| DATA FOR REVIEW |

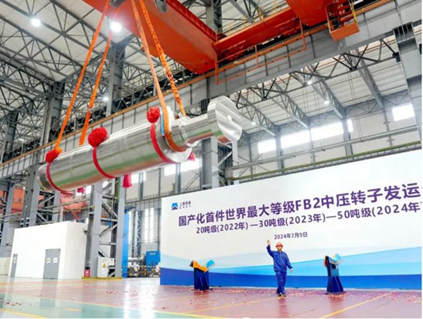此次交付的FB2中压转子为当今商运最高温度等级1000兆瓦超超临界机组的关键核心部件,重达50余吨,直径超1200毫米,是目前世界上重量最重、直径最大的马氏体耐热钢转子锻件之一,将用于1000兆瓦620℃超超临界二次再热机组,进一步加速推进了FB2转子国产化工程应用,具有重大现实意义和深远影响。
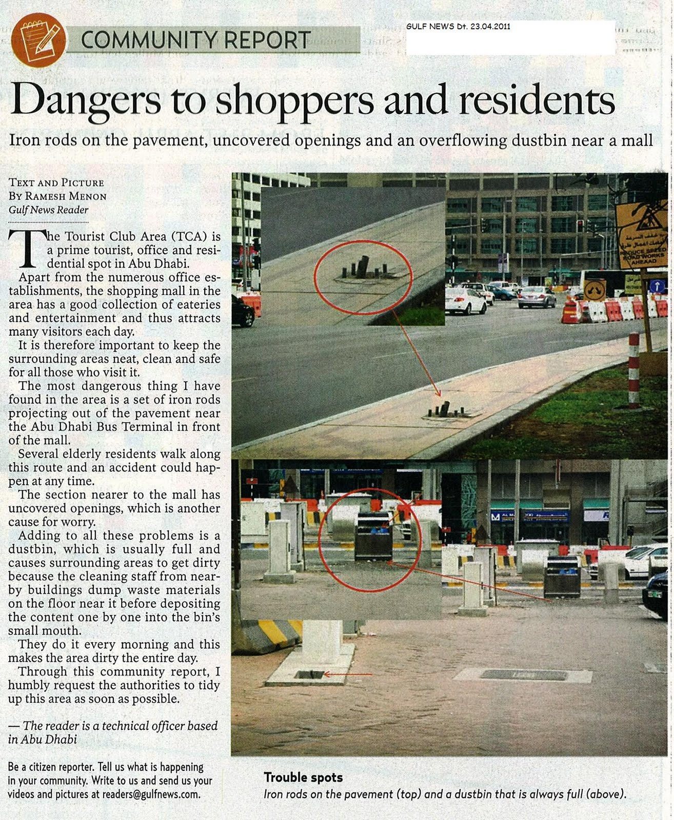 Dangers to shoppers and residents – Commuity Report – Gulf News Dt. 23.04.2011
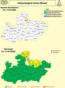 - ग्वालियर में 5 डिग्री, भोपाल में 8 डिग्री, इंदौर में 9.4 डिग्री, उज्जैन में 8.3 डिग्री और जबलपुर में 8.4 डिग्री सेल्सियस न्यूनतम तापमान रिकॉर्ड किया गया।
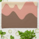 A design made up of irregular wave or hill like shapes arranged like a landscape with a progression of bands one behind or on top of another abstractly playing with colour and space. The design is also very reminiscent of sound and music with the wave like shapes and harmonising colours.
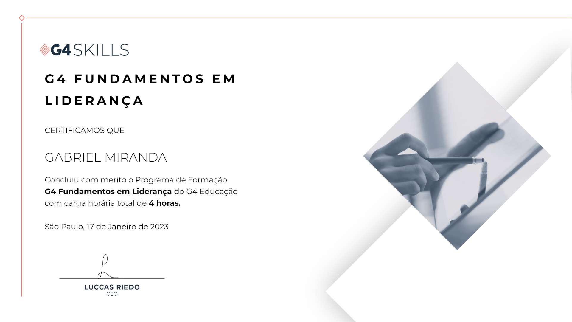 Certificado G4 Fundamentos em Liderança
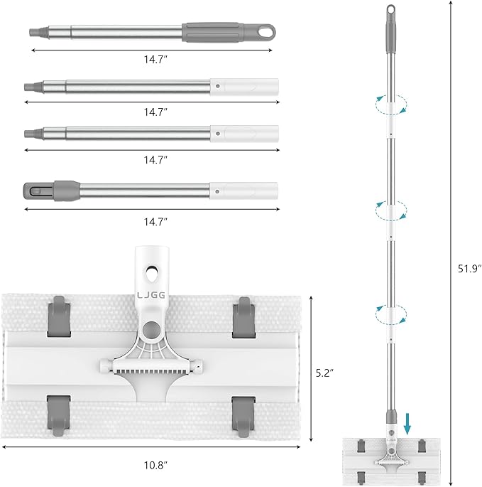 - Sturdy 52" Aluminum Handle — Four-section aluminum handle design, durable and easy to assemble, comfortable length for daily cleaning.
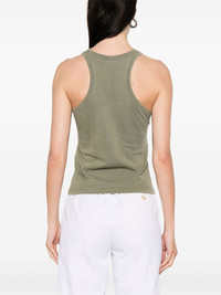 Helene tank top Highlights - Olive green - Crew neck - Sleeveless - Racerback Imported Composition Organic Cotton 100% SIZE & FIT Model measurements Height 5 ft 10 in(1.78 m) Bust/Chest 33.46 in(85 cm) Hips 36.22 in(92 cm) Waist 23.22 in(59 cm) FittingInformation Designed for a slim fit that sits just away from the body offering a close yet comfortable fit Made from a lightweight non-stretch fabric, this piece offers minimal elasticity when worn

| EXERCISE GOAL |
Copy verbatim the span that opens at the line with "Certificado G4 Fundamentos em Liderança" and closes at the final line of the listing. Do not carry over any pictures.

| FINISHED EXERCISE |
 Certificado G4 Fundamentos em Liderança
 - Sturdy 52" Aluminum Handle — Four-section aluminum handle design, durable and easy to assemble, comfortable length for daily cleaning.
 Helene tank top Highlights - Olive green - Crew neck - Sleeveless - Racerback Imported Composition Organic Cotton 100% SIZE & FIT Model measurements Height 5 ft 10 in(1.78 m) Bust/Chest 33.46 in(85 cm) Hips 36.22 in(92 cm) Waist 23.22 in(59 cm) FittingInformation Designed for a slim fit that sits just away from the body offering a close yet comfortable fit Made from a lightweight non-stretch fabric, this piece offers minimal elasticity when worn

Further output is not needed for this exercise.